Сначала было просто темно. Так темно, что мне пришлось пробираться к середине комнаты, широко расставив перед собой руки, чтобы не натолкнуться на какой-нибудь неожиданный предмет. Впрочем, эта предосторожность была излишней, ибо никаких предметов в комнате не оказалось, если не считать довольно низкий крепкий стул, на который я и уселся за неимением ничего другого.
Стул скрипнул подо мной (интересно, кстати, под душами умерших он тоже скрипит?), и, вероятно, этот звук спровоцировал последующее: почти моментально раздался детский плач.
Я напряженно вглядывался в темноту, пытаясь обнаружить источник звука, и вскоре мои уже чуть-чуть натренированные глаза, действительно, узрели в глубине комнаты маленькую деревянную кроватку, в которой, по-видимому, и находился, проснувшийся младенец.
– У-аааааааааа! – надрывался он все сильнее и сильнее, и этот жалостливый нарастающий звук заставил меня нервно заерзать на своем только что обретенном сидении.
– У-аааааааааа! У-аааааааааа! – я не знал, каковы правила игры и есть ли у меня право вмешиваться в жизнь (или смерть?) адских младенцев (Г-споди, словосочетание-то какое жуткое получилось!) и потому колебался.

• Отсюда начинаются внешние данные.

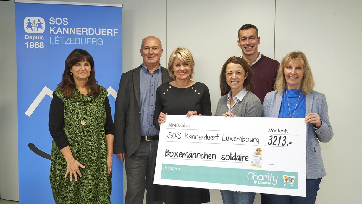 La vente du BOXEMÄNNCHEN SOLIDAIRE dans les supermarchés Cactus et les C-Shoppi a permis de faire bénéficier le village SOS Kannerduerf Lëtzebuerg d’un chèque de 3.213 €. Par l’opération Boxemännchen solidaire, Cactus s’était engagé à reverser dix cents à la Fondation Lëtzebuerger Kannerduerf et en particulier à SOS Kannerduerf Mersch qui prend en charge au quotidien des enfants et adolescents en difficulté.

И откуда тут вообще мог взяться младенец? Разве же душам младенцев здесь место? Разве же не уготованы им райские кущи?
Впрочем, откуда я это взял? Из какого-нибудь слащавого телешоу «По душам о душе»? Из книги? Из народной (какого народа?) мудрости?
И что вообще они там (кто это – «они», и почему я вынес себя из этого множества?) понимают об аде?

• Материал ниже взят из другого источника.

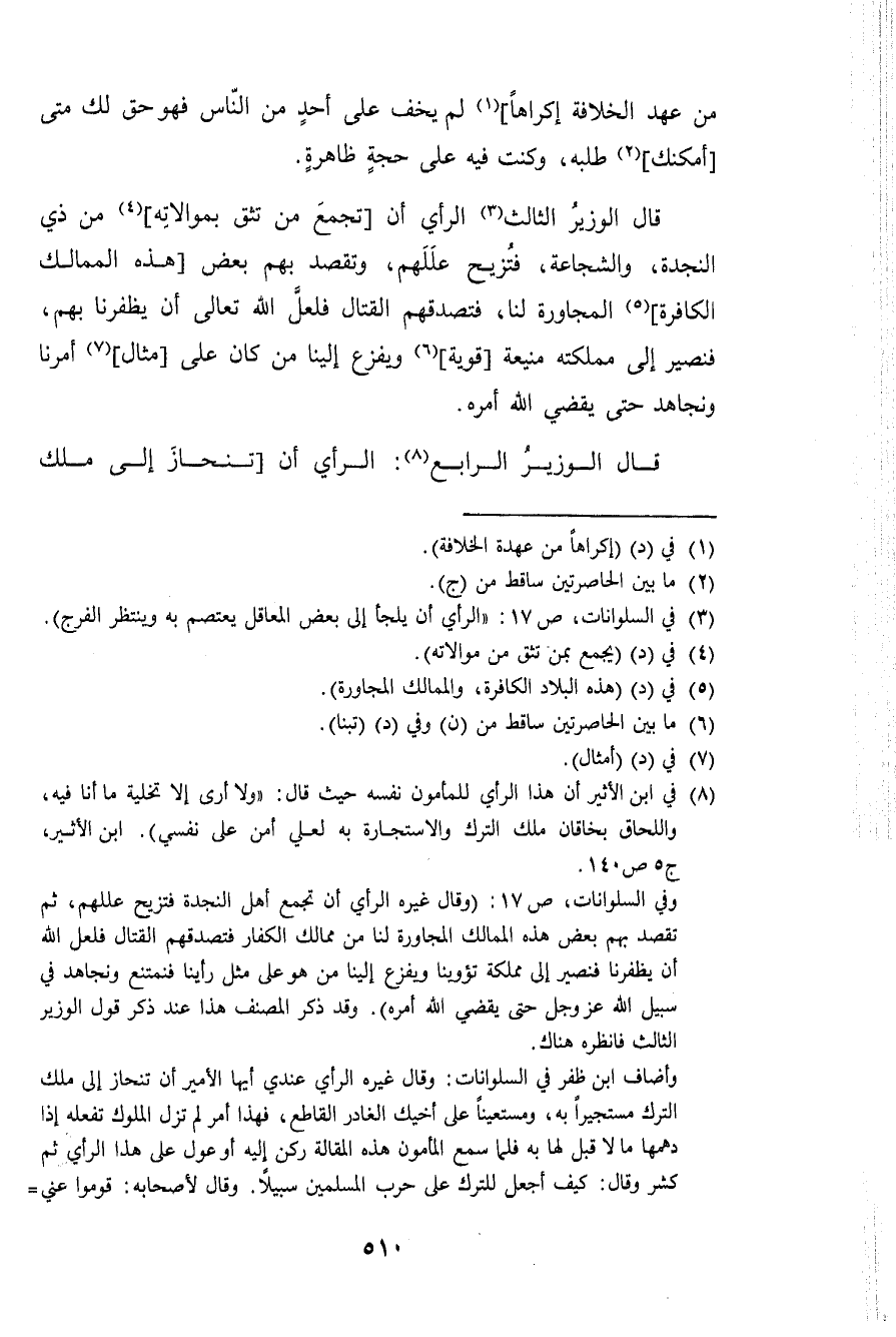 قَالَ الْوَزير الثَّالِث الرَّأْي أَن تجمع من تثق بموالاته من ذِي النجدة والشجاعة فتزيح عللهم وتقصد بهم بعض هَذِه الممالك الْكَافِرَة الْمُجَاورَة لنا فتصدقهم الْقِتَال فَلَعَلَّ الله تَعَالَى أَن يظفرنا بهم فنصير إِلَى مَمْلَكَته منيعة قَوِيَّة ويفزع إِلَيْنَا من كَانَ على مِثَال أمرنَا ونجاهد حَتَّى يقْضِي الله أمره

– У-аааааааааа! – очередной взвизг окончательно прервал мои размышления и сорвал меня с места. Я просто обязан был подойти к малышу, взять его на руки и укачать. И хотя у меня совершенно не было еще подобного опыта, почему-то укачивание чужого младенца меня не устрашило.

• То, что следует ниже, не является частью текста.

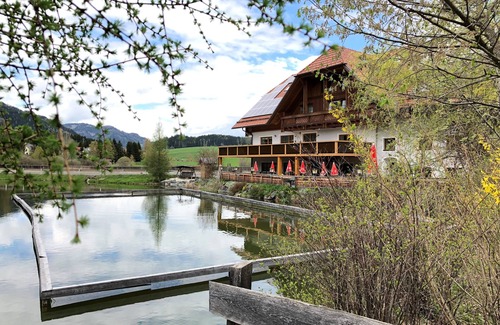 Romantic apartments with pond view, sun terrace and swimming pond | Apartment in Zeutschach

Я решительно направился к кроватке. Ребенок подбадривал меня своим соло с явной тенденцией к крещендо.
Как я уже сказал, кроватка стояла в самой глубине комнаты и до нее требовались какие-нибудь семь шагов. Я их делал с осторожностью и все-таки не уберегся: уже в самом конце нехитрого пути уперся (хорошо хоть не со всей силы, а то лицу бы не поздоровилось) в холодную гладкую перегородку, не пускавшую меня к страждущему младенцу.
– У-аааааааааа! У-аааааааааа! – кричал он, а я был скован в своих действиях этой внезапно вставшей на пути подлой прозрачной стеной.
Стоп! Почему внезапно вставшей? Да она тут всегда была. И не прозрачная она вовсе. Потому что это она – оно и есть. Зеркало!
Стало быть, и ребенок не настоящий. Это иллюзия – картинка из моей жизни. И надо просто вернуться на прежнее место, сесть на стул и спокойно наблюдать за происходящим.
Спокойно, потому что вовсе никто не нуждается в помощи.
– У-аааааааааа! – раздалось снова, назло всем моим рассуждениям. Но я уже был тертый калач. (Интересно, кстати, что за бредовое выражение? Зачем калачи вообще трут? И почему именно качество трения добавляет калачу необходимое достоинство? Чушь! Не думать об этом! Вернуться к стулу и успокоиться!)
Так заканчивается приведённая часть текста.